Se você chegou até aqui, já entendeu: uma leitura superficial do T-Dem pode facilmente levar à conclusão de que ele propõe mais políticas supranacionais para uma população hostil a políticas supranacionais, mais impostos para uma população soterrada por impostos e mais um órgão legislativo justamente no momento em que a eficiência do sistema bicameral é questionada em diversos países, como a Itália. Quase uma provocação deliberada. Mas Piketty se defende: a tal política supranacional seria, na verdade, uma assembleia de representantes locais para reforçar o papel dos países; o novo imposto é, na verdade, uma substituição da atual bagunça fiscal composta por diferentes alíquotas em diferentes países com a mesma moeda; e ainda se estaria longe de um sistema bicameral, já que a assembleia regeria apenas a Zona do Euro.

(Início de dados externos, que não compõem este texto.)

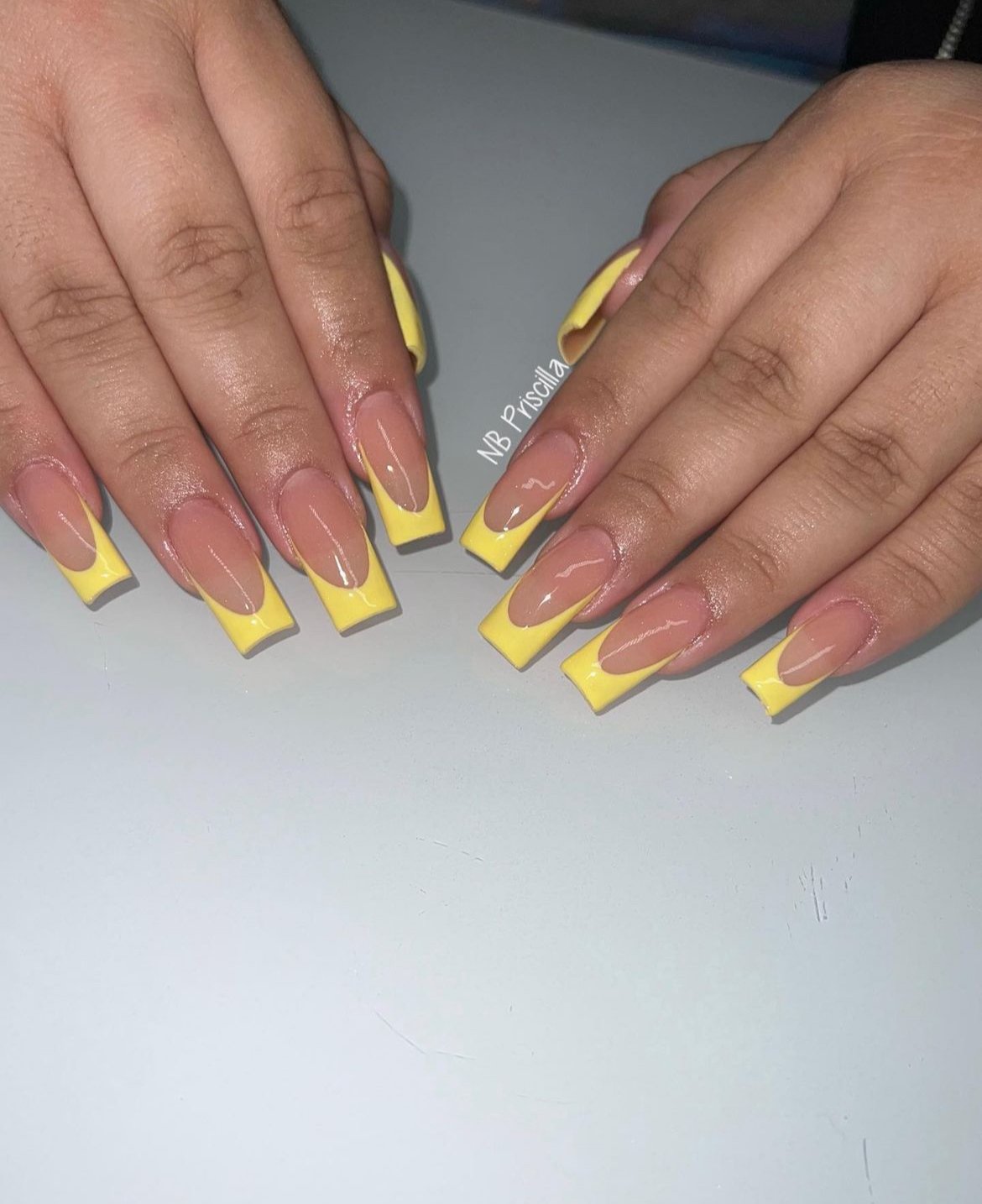 These nails are the perfect mix of elegance and brightness. The sleek yellow French tips bring that fresh citrus energy while the nude base keeps the whole look clean and refined.
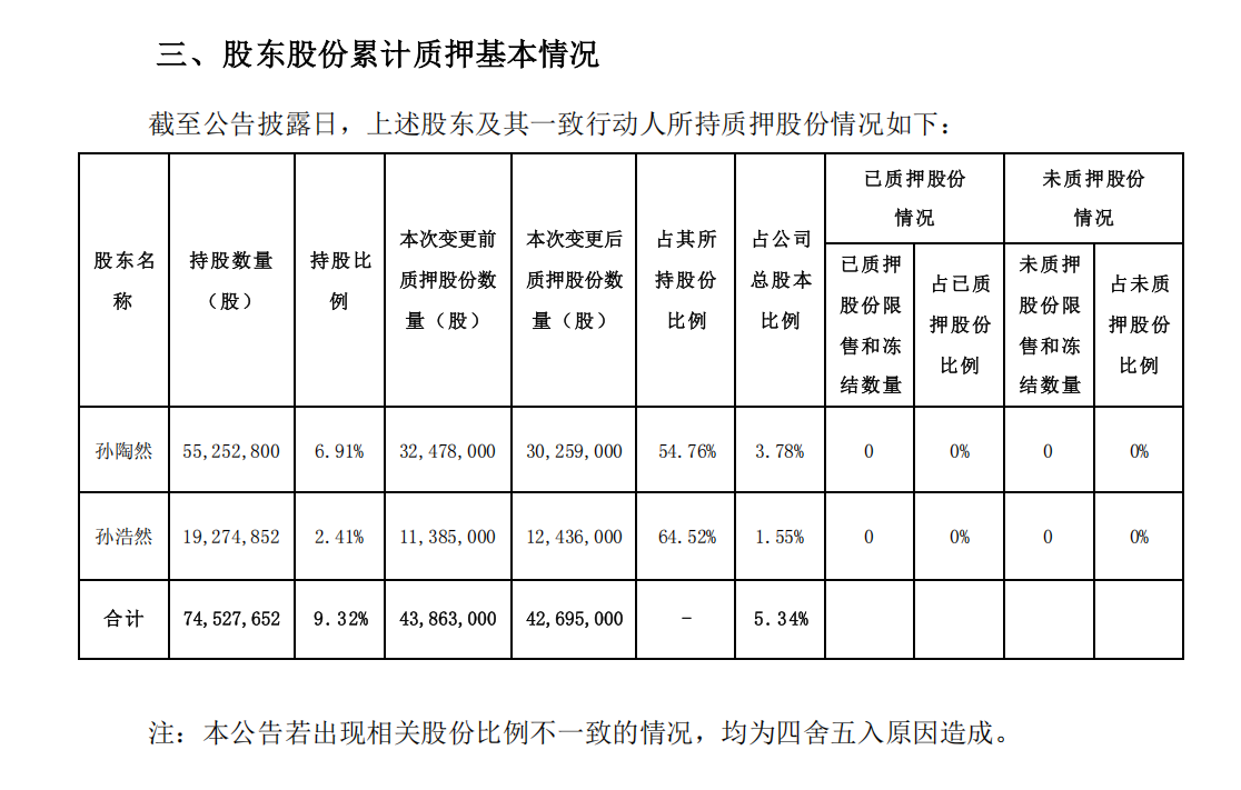 根据公告,11月25日,孙陶然质押148.6万股公司股份,占其所持有股份比例为2.69%,孙浩然质押105.1万股公司股份,占其所持股份比例的5.45%。

Compre-se ou não as explicações, o fato é que o T-Dem reivindica, no debate público europeu, um espaço que parecia caminhar para a extinção: aquele dos que defendem uma mudança na União Europeia, mas não o seu fim. Tanto na campanha do Brexit como na atual presidencial francesa, o espaço para alguma nuance no debate foi exíguo. Os candidatos que defendem a permanência no bloco, como Emmanuel Macron e François Fillon, são pouco claros ao explicar em que termos o pretendem fazer. Clareza que não falta aos extremistas de direita e esquerda, Marine Le Pen e Jean-Luc Mélenchon, ao disparar, por caminhos inversos, suas pregações demagógicas contra a UE.

Gabriel Brust é jornalista radicado na França e mestre em Sociologia pela Université Paris-Descartes.